Siapkan akun untuk tugas sinkronisasi dan berikan izin
Saat membuat tugas sinkronisasi untuk MaxCompute, Anda harus memasukkan informasi akun yang diperlukan untuk mengakses tabel MaxCompute. Pastikan informasi akun tersebut valid. Biasanya, Pengguna RAM MaxCompute sudah mencukupi.

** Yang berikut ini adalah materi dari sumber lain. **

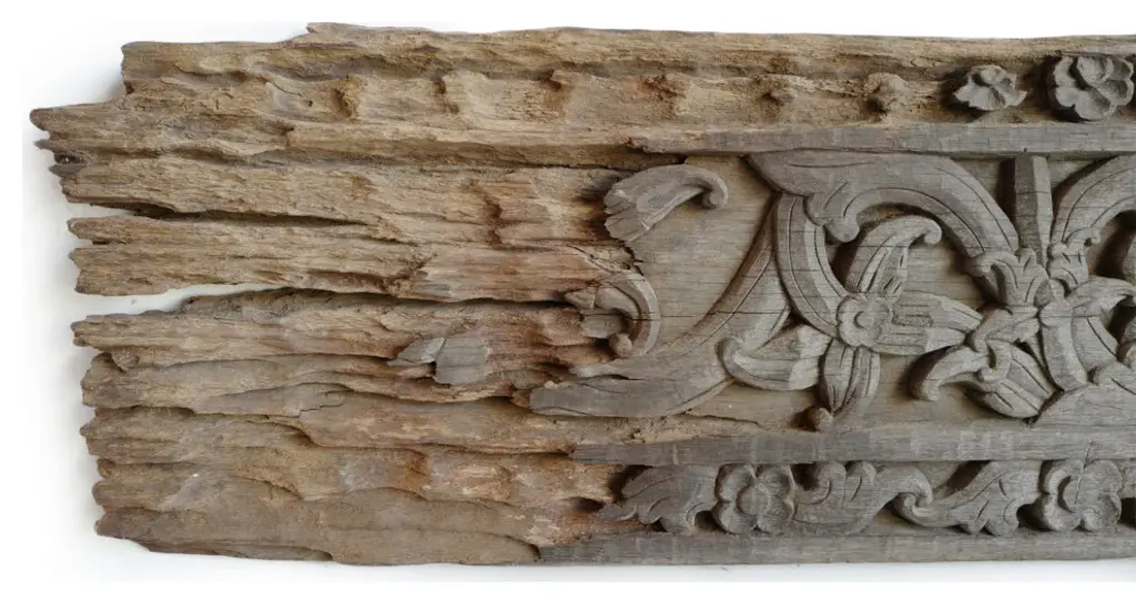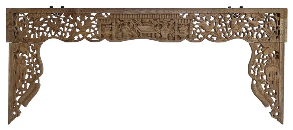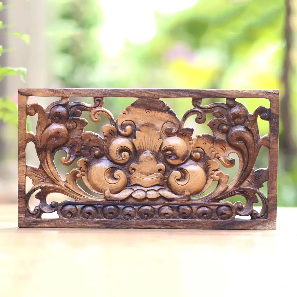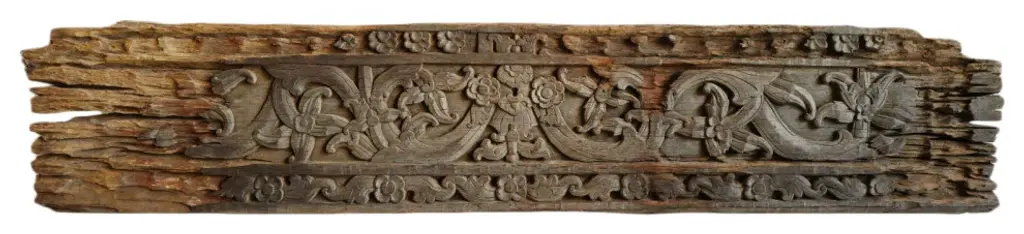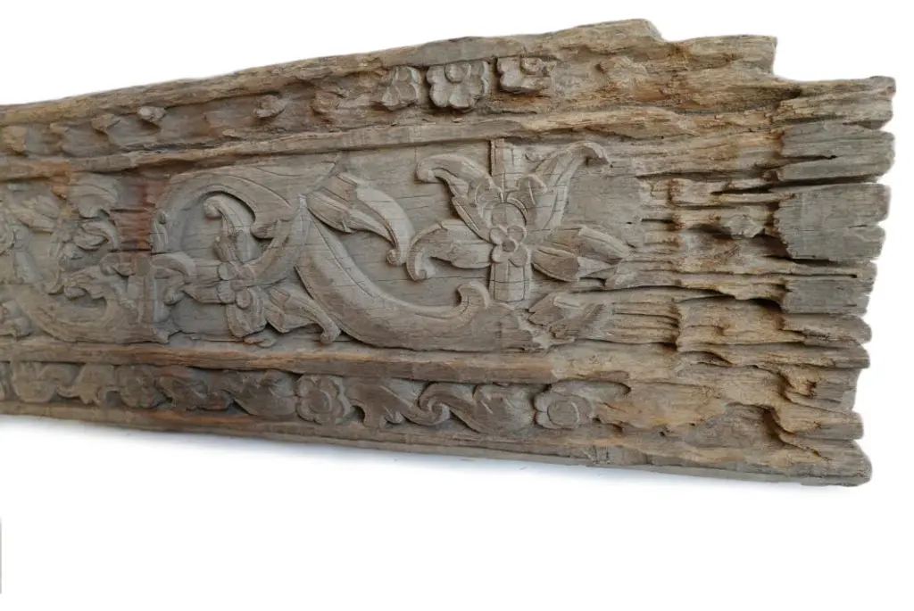 Consigned original beautiful old hand carved wood architectural fragment. Floral and botanical carved detail with rough edges.Condition: Great, with signs of age and useOrigin: Indonesia Era: Early - Mid 1900''s

Anda harus memberikan izin yang diperlukan kepada akun tersebut agar dapat mengakses tabel MaxCompute. Izin tersebut mencakup
CreateInstance,Describe,Alter, danUpdate.Anda dapat menggunakan Konsol DataWorks untuk mengelola izin tabel MaxCompute. Untuk informasi selengkapnya, lihat Configure MaxCompute Engine PermissionsConfigure MaxCompute Engine Permissions. Anda juga dapat menggunakan antarmuka baris perintah MaxCompute untuk memberikan izin. Untuk informasi selengkapnya, lihat MaxCompute Usage and Authorization Management.
Konfirmasi TimestampUnit
Parameter TimestampUnit pada connector mengonversi data TIMESTAMP. Data dikonversi berdasarkan satuan yang Anda tentukan, lalu ditulis ke bidang bertipe tanggal, seperti bidang datetime, di sistem downstream.
Jika nilai kolom TIMESTAMP dalam satuan detik, atur TimestampUnit menjadi "SECOND" saat membuat konektor. Jika nilainya dalam milidetik, atur menjadi "MILLISECOND". Jika nilainya dalam mikrodetik, atur menjadi "MICROSECOND".
Banyak partisi dapat memperlambat sinkronisasi data dari DataHub karena standar penulisan saat ini di MaxCompute. Saat membuat tugas sinkronisasi MaxCompute, batasi jumlah partisi—terutama dalam mode sinkronisasi USER_DEFINE.
Usahakan agar data dalam partisi yang sama sekontinu mungkin. Hindari perubahan partisi yang terlalu sering.
Saat membuat partisi, jangan membuat terlalu banyak.
Jika fitur daftar putih diaktifkan untuk proyek MaxCompute, hanya Perangkat dalam daftar putih yang dapat mengakses proyek tersebut. Setelah Anda mengaktifkan daftar putih IP MaxCompute, Anda harus mengonfigurasi daftar putih layanan agar layanan sinkronisasi dapat diakses. Untuk informasi selengkapnya tentang cara mengonfigurasi daftar putih, lihat Ikhtisar.
Mode sinkronisasi
Mode tambah
Data ditambahkan ke tabel tujuan. Mode ini cocok untuk skenario di mana data hanya perlu ditambahkan, bukan diperbarui.
Mode Upsert
Upsert menggabungkan operasi Update dan Insert. Logikanya sebagai berikut:
Jika catatan dengan kunci primer yang sama sudah ada di tabel tujuan, catatan yang ada diperbarui.
Jika catatan dengan kunci primer yang sama belum ada, catatan baru dimasukkan.
Mode Upsert memungkinkan Anda menangani pembaruan dan penyisipan data secara lebih fleksibel sehingga data di tabel tujuan selalu mutakhir.
Untuk informasi lebih lanjut tentang fitur Upsert MaxCompute, lihat Terms.
Skenario
Perbarui data berdasarkan kunci primer: Data dapat berubah seiring waktu dan harus diperbarui berdasarkan kunci primernya.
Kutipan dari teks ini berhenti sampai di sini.